To understand the root-causes of issues, we performed an error analysis of the components of the skin tone system based on their output. At a high level, a skin tone system may include

  • a detection model that attempts to determine the presence and location of a face in a beauty image, but does not attempt to recognize an individual person’s face
  • a color extraction module
  • a scorer and thresholder to estimate the skin tone range

Analyzing the score distributions per skin tone range over the diverse dataset can show if the score distributions are separable or if they overlap, and if the thresholds are out-of-phase with the diverse data, as in the example above. Both issues can be amplified by color extraction failures in challenging lighting conditions. Studying face detection errors can reveal if the model fails to detect faces in beauty images with a darker skin tone at significantly higher rates than in images with lighter skin tones, which would preclude the system from generating a skin tone range for these images. This type of bias in face detection models can carry over to the skin tone system, and no amount of downstream post-processing for fairness on the output of the system can correct such upstream bias. Biases in face detection have been analyzed previously in the Gender Shades study by Joy Buolamwini and Timnit Gebru. Requiring face detection to predict skin tone also limits the scope of the system, as it cannot handle images of other body parts such as manicured hands, and it contributes to the overall system latency and scalability challenges.

Through analysis, we reached the conclusion that to improve fairness in performance across all skin tone ranges, we needed to build an end-to-end system with bias mitigation.

Developing new skin tone ranges by mitigating biases

Visual skin tone ranges V1: Mitigating bias

We developed the new visual skin tone v1 ranges based on visual input and focused on:

  • mitigating biases to make skin tone perform outstandingly well across all ranges
  • creating a signal that doesn’t require the presence of a full front-facing face, but also works for partial faces or other body parts
  • extending to applications beyond beauty, such as fashion
  • leveraging this more reliable signal as a building block to improve fairness and reduce potential bias in other ML models

The visual skin tone v1 leverages several computer vision techniques to estimate the skin tone range in a beauty image. After exposure correction, a face detection model identifies the face area and landmarks corresponding to facial features such as eyes, eyebrows, nose, mouth and face edge. This face detection model has better coverage on images with darker skin tones. Some facial features, such as eyes and lips, are then cropped out, and binary erosion is applied to remove hair and edge noise and finally produce a face skin mask. If face detection fails to identify a face in the image, for example in images of other body parts, Hue Saturation Value (HSV) processing attempts to locate skin pixels and produces a skin mask. The color extraction module then estimates a dominant color based on the RGB distribution of the skin mask pixels. The dominant color is converted to the LAB space, and the individual topology angle (ITA) is computed as a nonlinear function of L and B coordinates. The resulting ITA scores are more separable across ranges. Using a diverse dataset of images, fairness aware tuning is performed on the ITA scores to produce a skin tone prediction while mitigating biases in performance between ranges.
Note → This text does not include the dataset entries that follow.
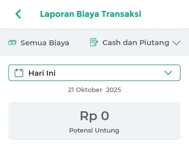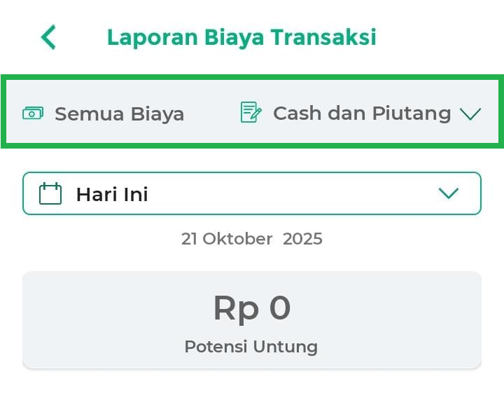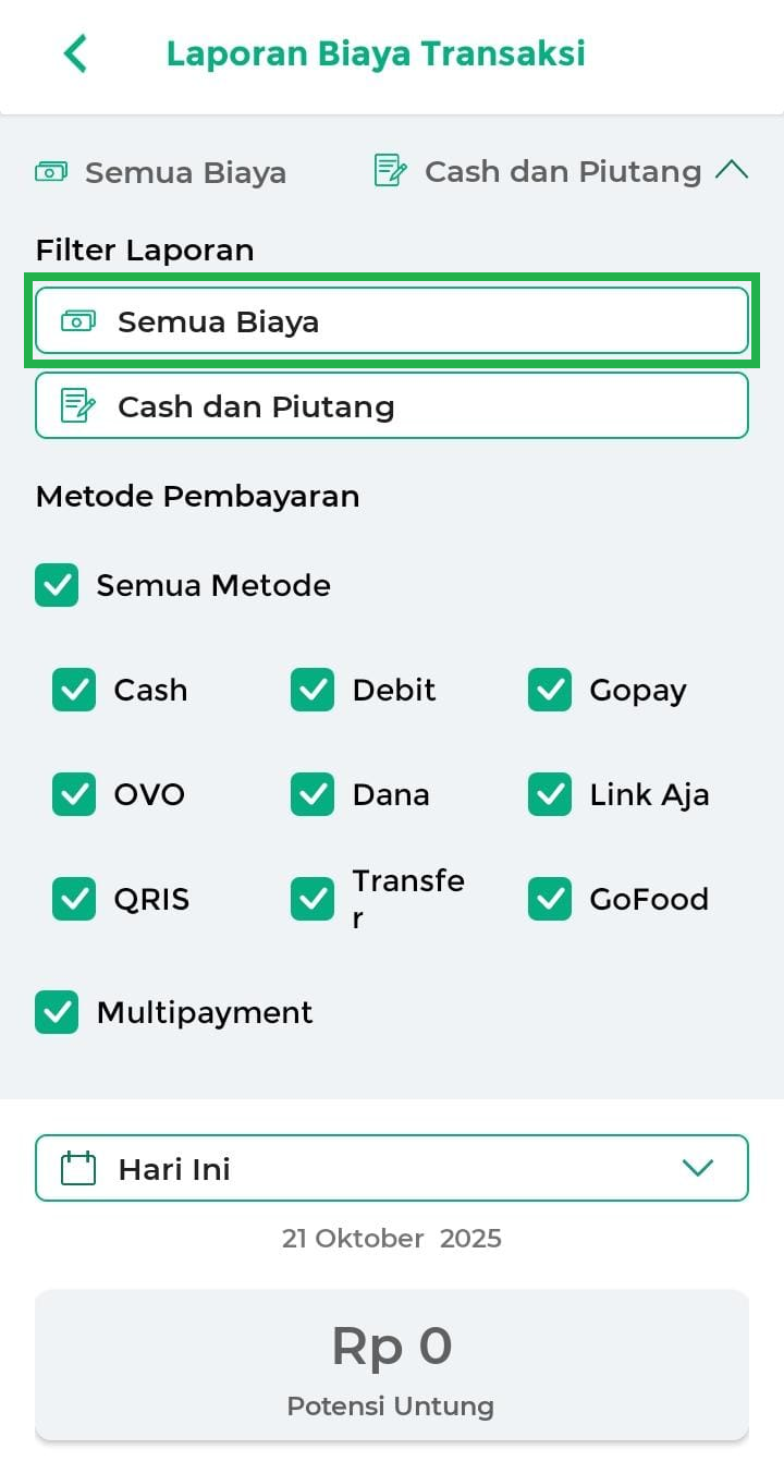 - Hari Ini: menampilkan laporan biaya transaksi hari ini.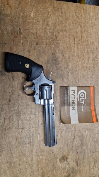 Sie bieten auf einen Colt Python, .357 magnum, 6 Zoll, stainless steel, BJ 1987.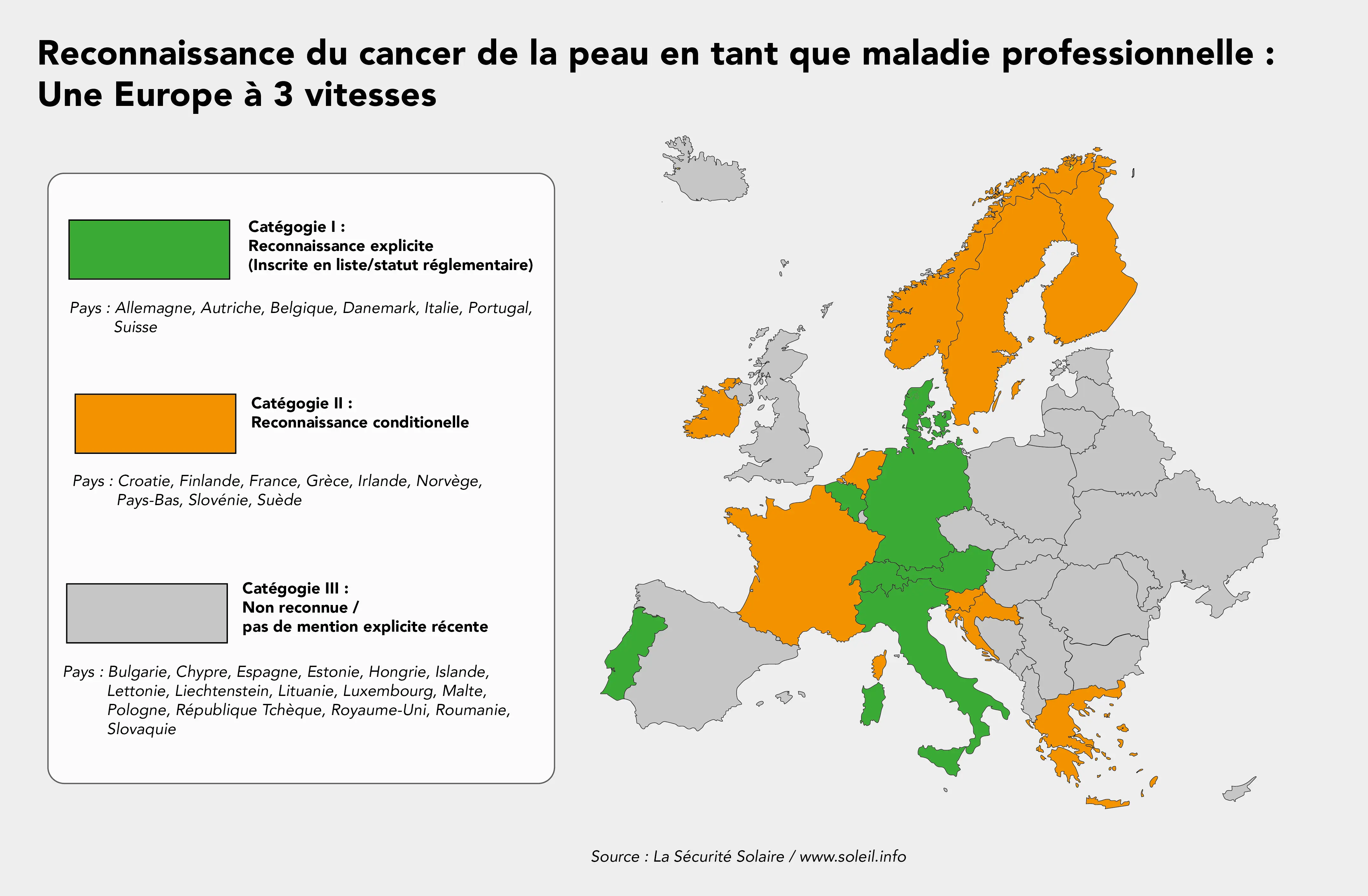 En matière de reconnaissance du cancer cutané en tant que maladie professionnelle existent des différences notables entre les pays européens.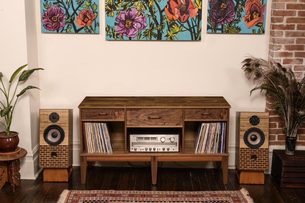 An elegant statement piece taylor made for the audiophile. This stereo cabinet features shop sawn Walnut veneer beautifully arranged to form a waveform pattern that waterfalls across the top and down each side. The cabinet itself is built with mortise and tenon joinery, the drawers have pinned lock joints in each corner, and the base is assembled with castle joints in each leg which are highlighted by the tenons showing through on two sides. The cabinet features two drawers, a flip up lid, with a soft close arm, which reveals the space for the turntable, a space below to house the receiver, and LP storage on either side.

Evaluation of the visual skin tone v1 on the diverse set of beauty Pins showed ~3x higher accuracy on the predicted skin tone. Moreover, per range precision, recall and F1-score metrics increased for all ranges. We observed ~10x higher recall and ~6x higher F1-score on darker skin tones. The new model reduced biases in performance across skin tone ranges, and led to a major increase in coverage of skin tone ranges for billions of images in our beauty, women’s and men’s fashion corpora.

Beyond offline evaluation, having humans in the loop can significantly improve performance by integrating feedback from human evaluation, users and communities. For instance, we conducted several rounds of qualitative review and annotation of the skin tone inference results on diverse images to identify new error patterns and inform training data collection and modeling choices, as we iterated on the model. We also leveraged side-by-side comparisons of results in inclusive bug bashes with a diverse group of participants. Regular quantitative and qualitative evaluations help improve quality over time. In production, we ran experiments to evaluate the new skin tone v1, and built dashboards to monitor the diversity of content served.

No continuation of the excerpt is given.